Every employment contract will be different, but there are certain common provisions that you'll see again and again. Employees and employers alike should familiarize themselves with the following provisions and what they mean.

Confidentiality agreement: These clauses prevent employees from sharing company trade secrets and other confidential information and intellectual property.

Noncompete agreement: These limit an employee's ability to compete with the company while employed and for a period of time after employment.

Ownership of inventions agreement: If an employee invents something within the course and slope of his or her employment, this provision could ensure that the company will own the invention.

Best efforts agreement: These provisions ensure that employees will do the best job that they can.

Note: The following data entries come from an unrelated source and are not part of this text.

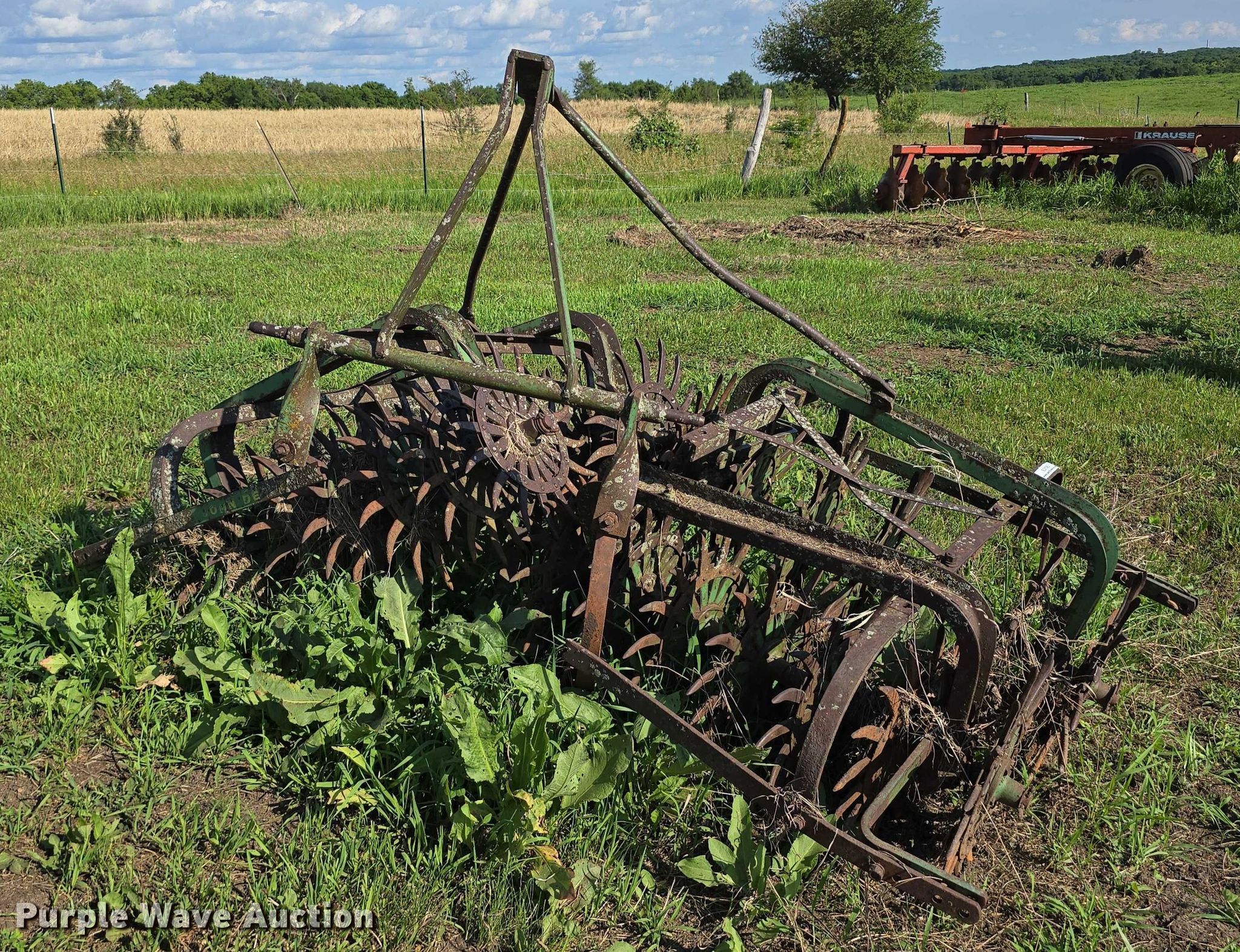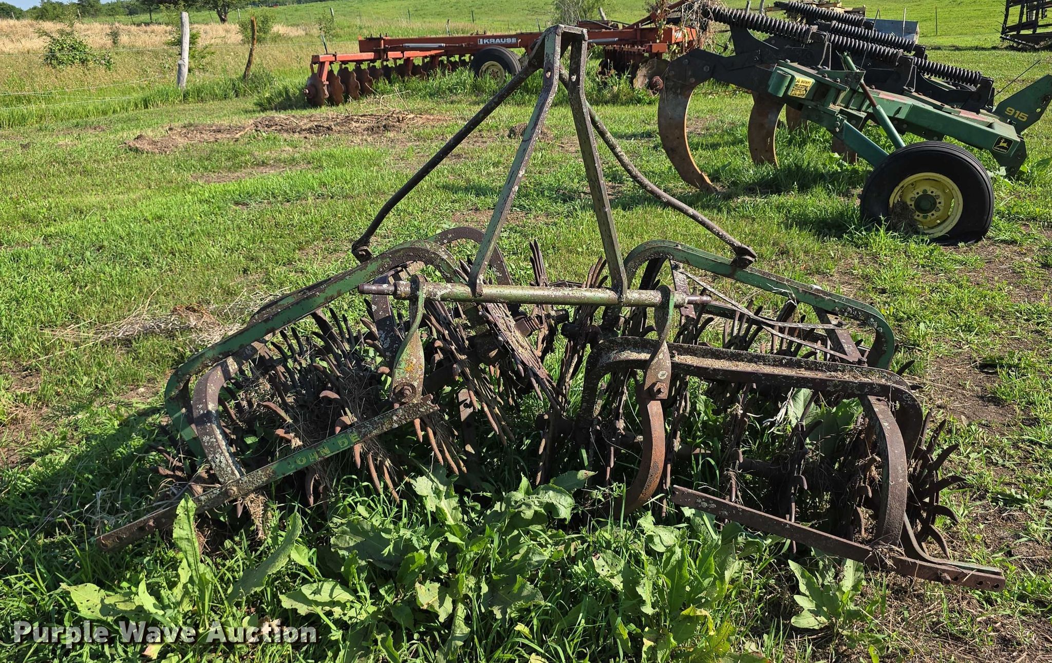 John Deere rotary hoe. Overall width: 8'. Features Diameter: 19", Hitch: Three point. Notes Unknown operating condition. Kickapoo Tribe. Horton, KS 66439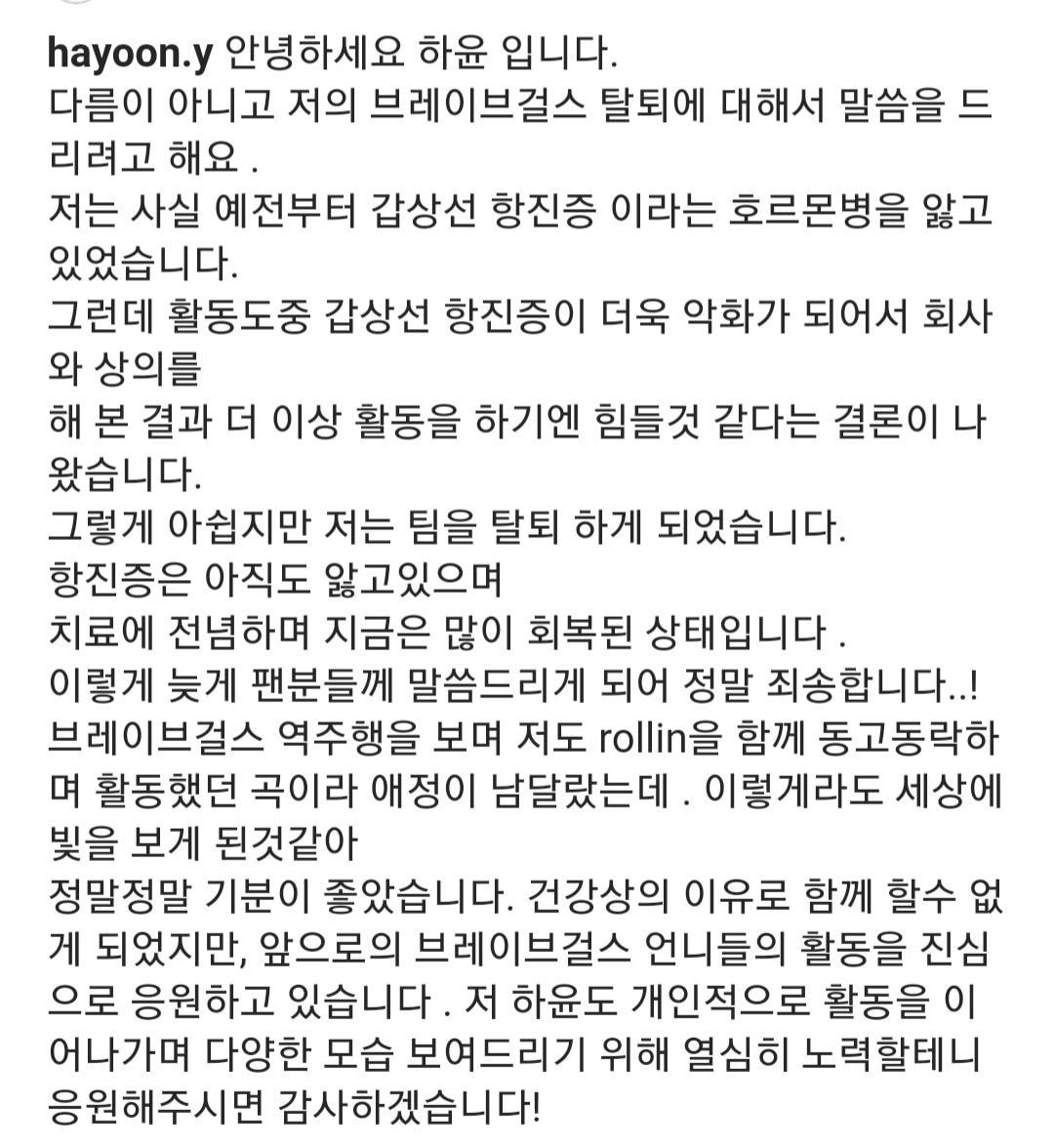 안녕하세요 하윤입니다. 다름이 아니고 저의 브레이브걸스 탈퇴에 대해서 말씀을 드리려고 해요라며 저는 사실 예전부터 갑상선 항진증이라는 호르몬병을 앓고 있었습니다라고 밝히며 건강상의 이유로 탈퇴를 했다고 전해왔습니다.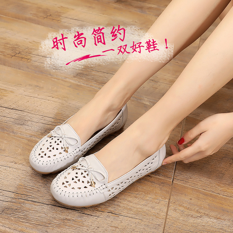 通気性のある平底マザーサンダル女性の第一層牛革中空ウェッジ滑り止め特大サイズの革靴
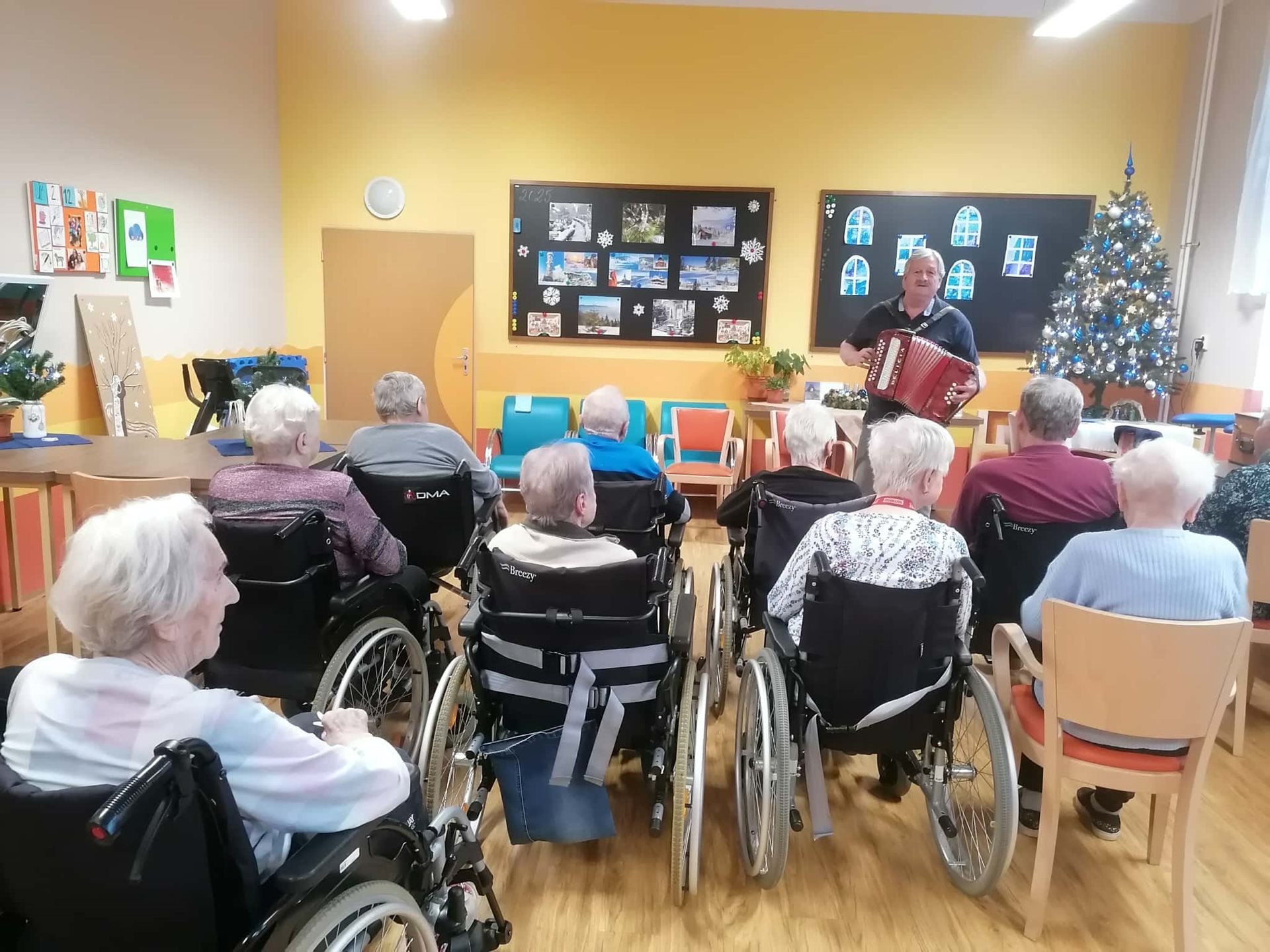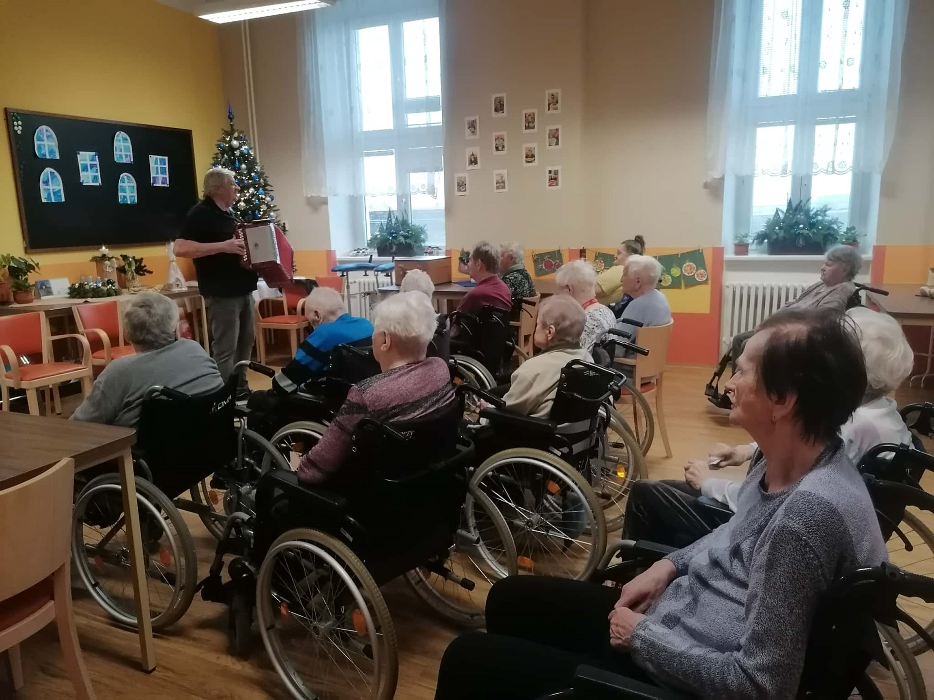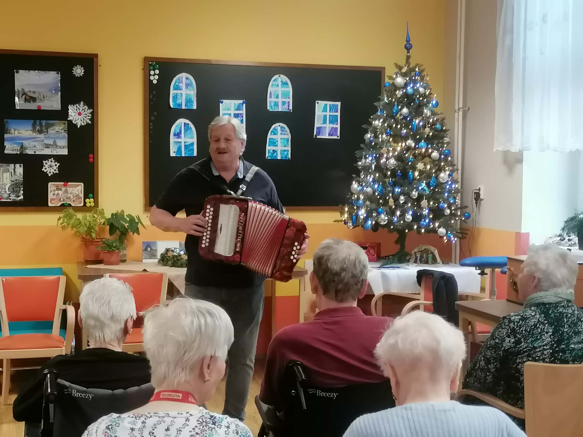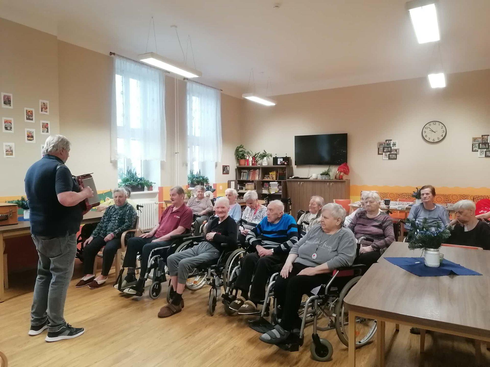 Známé lidové písně v podání harmonikáře pana Rostislava Frantíka dnes dopoledne rozezpívaly naše klienty i pracovníky. Děkujeme za krásné vystoupení.

Exclusive employment agreement: This prevents employees from working in the same or similar capacity for another company in the same business.

No additional compensation agreement: This prevents employees from getting more money for serving on a managing committee or as an elected officer or director of the company.

No authority to contract agreement: This means that the employee cannot enter into a contract on behalf of or as an agent of the company.

Termination agreement: This offers guidelines for terminating the employment contract.

Arbitration agreement: Arbitration clauses require employees and employers to arbitrate any disputes related to the contract instead of going to court to resolve them.

Choice of law agreement: These indicate in which state any employment disputes shall be litigated.

Does your employment agreement have any of the above provisions? Is there another kind of provision contained in your agreement that you don't understand? Whether you're an employer or an employee, make sure that you completely understand the legal implications of any employment agreement and all the provisions it contains before you sign the document.